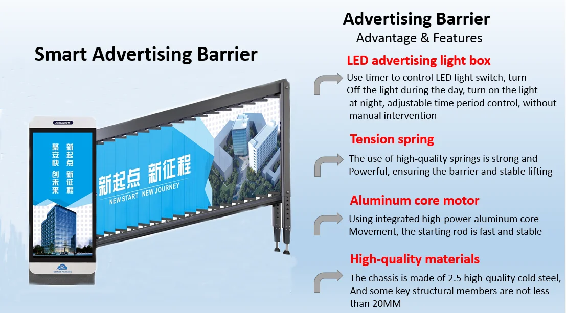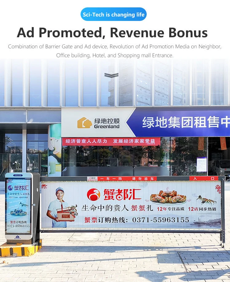 Palang parkir iklan elektrik komersial berkualitas tinggi. Media promosi efektif sekaligus alat kontrol akses kendaraan yang aman dan tahan lama.
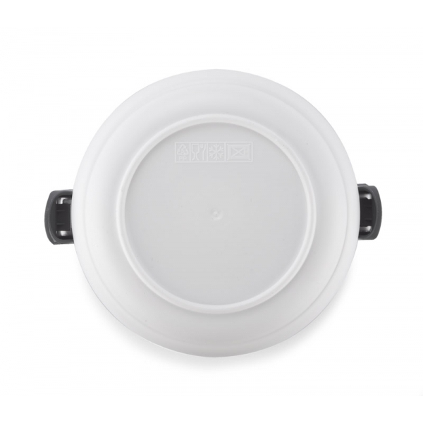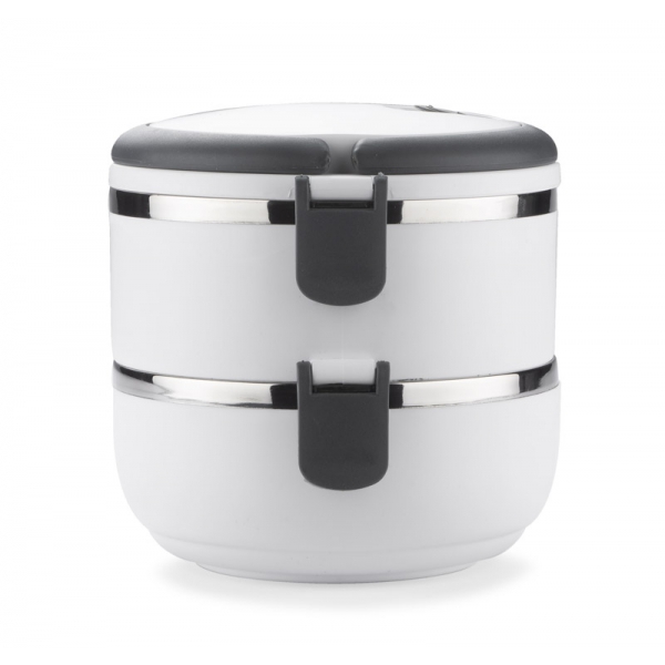 Pojemnik z wnętrzem ze stali nierdzewnej podzielony na dwie komory, które składamy jedną na drugą, co zapewnia poręczne i wygodne przenoszenie dwudaniowych posiłków. Górna komora wyposażona w uszczelkę. Uchwyty z tworzywa sztucznego z możliwością złożenia. Łączna pojemność: 1400 ml.
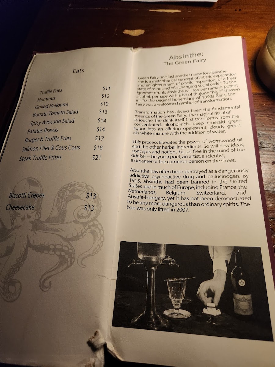 Whether you’re drawn in by classic cocktails such as the Daiquiri or Negroni, or adventurous choices like Absinthe and the playful Liquid Marijuana, the drink menu encourages relaxed sipping at a comfortably low pace. These beverages pair naturally with small plates designed for sharing or light dining, including options like savory Pork Belly Bao, fresh Tomato Salad, and indulgent Steak and Truffle Fries.
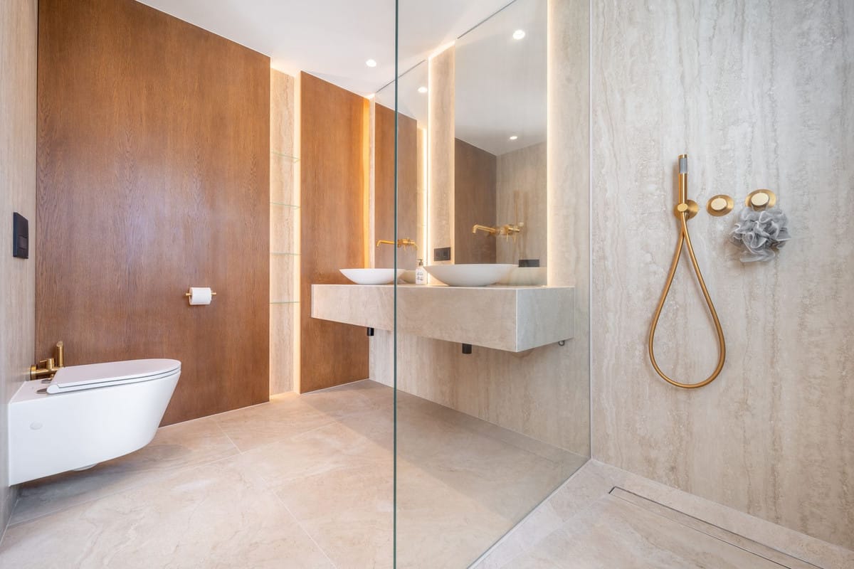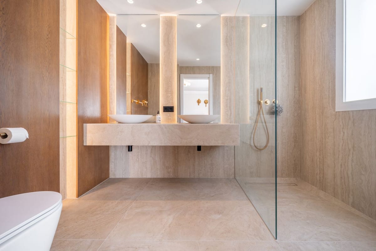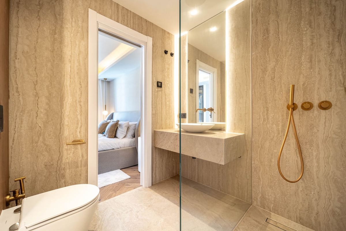 Leading into the master bedroom of the home, you have a vast master suite with a quad fitted wardrobe to match the other bedroom, it has been carefully designed to allow enough storage for a variety of clothing, including a dedicated bag display to the right hand side. This bedroom benefits from a private terrace where you can sit and look across Las Brisas golf course. The master ensuite is designed in the same high end way as the other but with added space, more solid oak panels and natural light that is let in through from the rear of the property. It has also been designed to include a separate his and hers sink upon the vanity unit.

_Task to complete_
Retype the listing above exactly, please. Pictures do not belong in the copy.

_Exercise answer_
 Palang parkir iklan elektrik komersial berkualitas tinggi. Media promosi efektif sekaligus alat kontrol akses kendaraan yang aman dan tahan lama.
 Pojemnik z wnętrzem ze stali nierdzewnej podzielony na dwie komory, które składamy jedną na drugą, co zapewnia poręczne i wygodne przenoszenie dwudaniowych posiłków. Górna komora wyposażona w uszczelkę. Uchwyty z tworzywa sztucznego z możliwością złożenia. Łączna pojemność: 1400 ml.
 Whether you’re drawn in by classic cocktails such as the Daiquiri or Negroni, or adventurous choices like Absinthe and the playful Liquid Marijuana, the drink menu encourages relaxed sipping at a comfortably low pace. These beverages pair naturally with small plates designed for sharing or light dining, including options like savory Pork Belly Bao, fresh Tomato Salad, and indulgent Steak and Truffle Fries.
 Leading into the master bedroom of the home, you have a vast master suite with a quad fitted wardrobe to match the other bedroom, it has been carefully designed to allow enough storage for a variety of clothing, including a dedicated bag display to the right hand side. This bedroom benefits from a private terrace where you can sit and look across Las Brisas golf course. The master ensuite is designed in the same high end way as the other but with added space, more solid oak panels and natural light that is let in through from the rear of the property. It has also been designed to include a separate his and hers sink upon the vanity unit.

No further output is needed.